Azerbaijani expert talks importance of tax incentives for country's private sector
Tax incentives for the private sector are essential for revitalizing the national economy, Azerbaijani expert in economic issues, Professor of Azerbaijan State University of Economics (UNEC) Elshad Mammadov told Trend on April 23.
“Accordingly, a two-fold reduction in the tax rate for a certain category of taxpayers is one of the mechanisms to stimulate business activity during the difficult period of a pandemic,” he said.
Mammadov noted that in terms of reducing the fiscal burden, the tax changes introduced are a strong driving force for economic growth, although they cannot fully replace the more substantial monetary credit stimulation.
“At the same time, the tax reform processes associated with the deepening of the incentives for entrepreneurs should be of a protracted, sequential nature and as new risks arise for the stability of the country's economy, it will also be necessary to make new decisions,” said the expert.

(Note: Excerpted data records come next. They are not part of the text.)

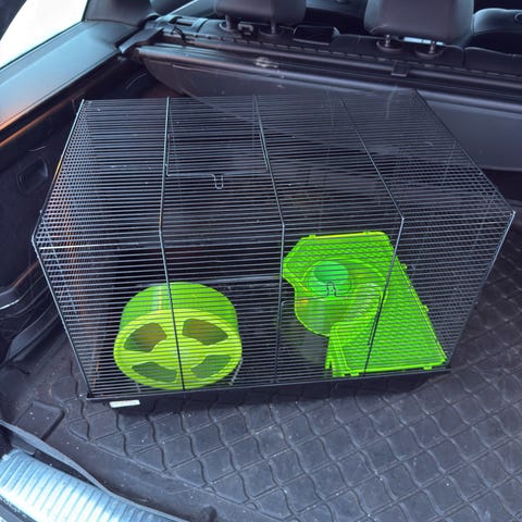 Smådyrbur med løpehjul, rør og tilbehør plast gjennomsiktig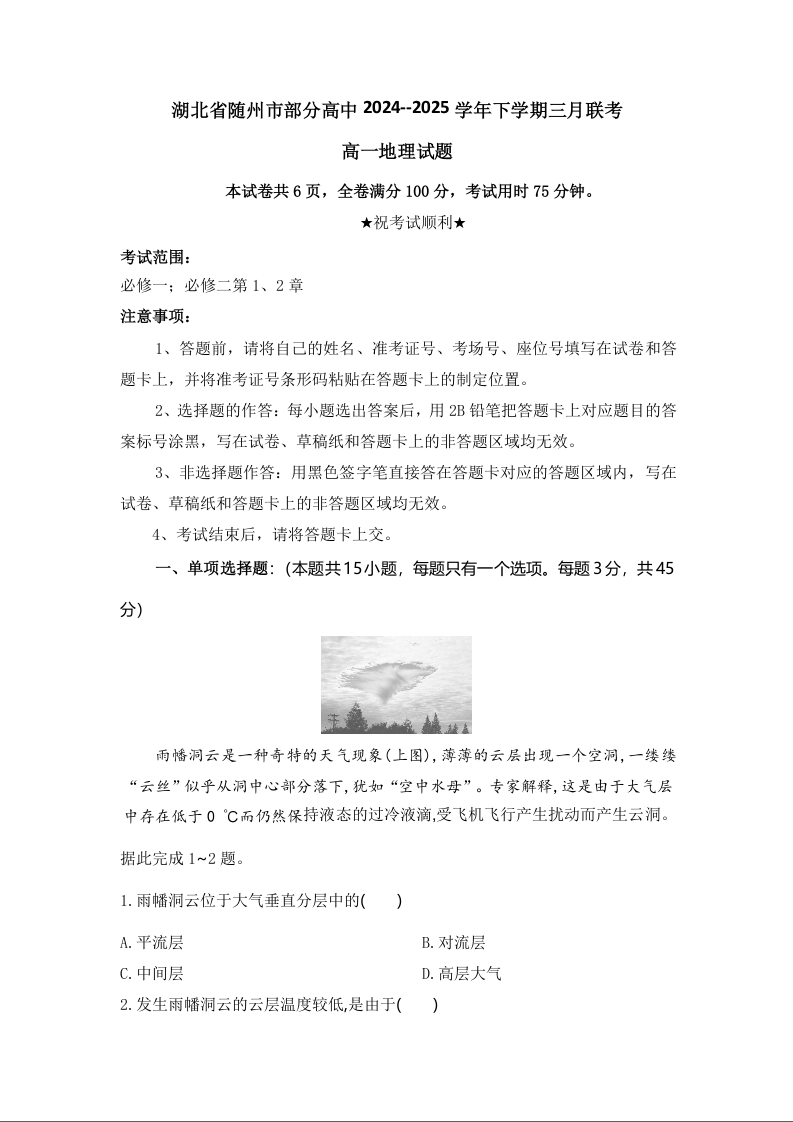 湖北省随州市部分高中2024-2025学年下学期3月高一联考地理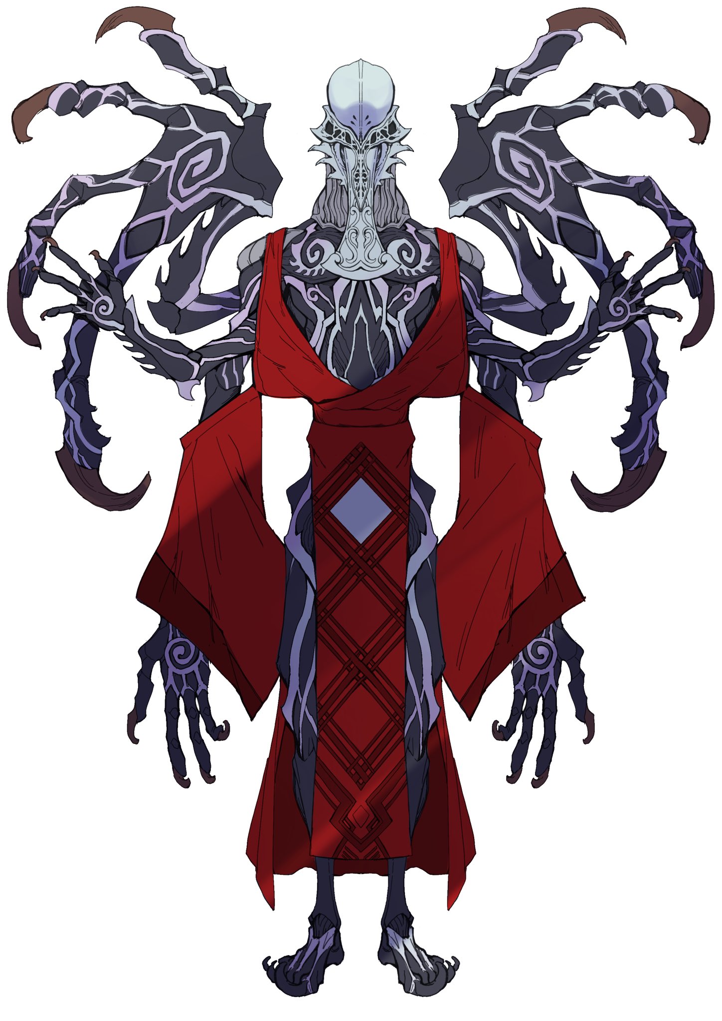 1boy bare_shoulders barefoot catball1994 demon detached_sleeves extra_arms highres jamato_(kamen_rider_geats) kamen_rider kamen_rider_geats_(series) markings monster red_robe robe simple_background standing stylistic white_background wings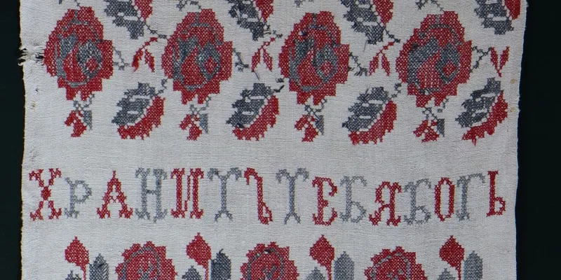 Rushnyk (fragment) made from homespun bleached canvas, embroidered with red and black threads. The ornament is floral, ornithomorphic, and zoomorphic. The tiered composition includes: closer to the center, three pheasants; two rose garlands with the inscription 'Хранит тебя Бог' between them; closer to the edges, images of deer. Lace with a floral ornament is sewn to the edges.

Mammadov added that along with reforms in the socio-economic and tax policies, the most relevant for the national economy’s restoration now is the growth of innovation and investment activity, money supply growth and credit stimulation of the economy with adequate rates of no higher than 3 percent.
Moreover, according to the expert, the Central Bank of Azerbaijan should carry out targeted financing of the economy through commercial banks implementing a differentiated credit policy for each sector of the economy to finance the real sector at rates below the level of profitability in a particular sector of the economy.
"Only in this way we can increase business activity in the economy’s real sector, which is extremely important. As for the tax policy - in conditions when it’s needed to increase the competitiveness of the high-tech spheres of the national real sector, we need to gradually distance from value added tax," Mammadov said.
At the same time, he noted, it’s necessary, especially in the conditions of increasing the money supply, to prevent its leakage onto the foreign exchange market and its generation in the financial market, and to ensure its transition to the real sector of the economy.
“This requires the introduction of effective control over the movement of capital, primarily cross-border financial assets. It’s also necessary to introduce currency restrictions and a tax on speculative currency transactions in order to limit as much as possible the effect of speculative capital on the country's foreign exchange market,” the expert added.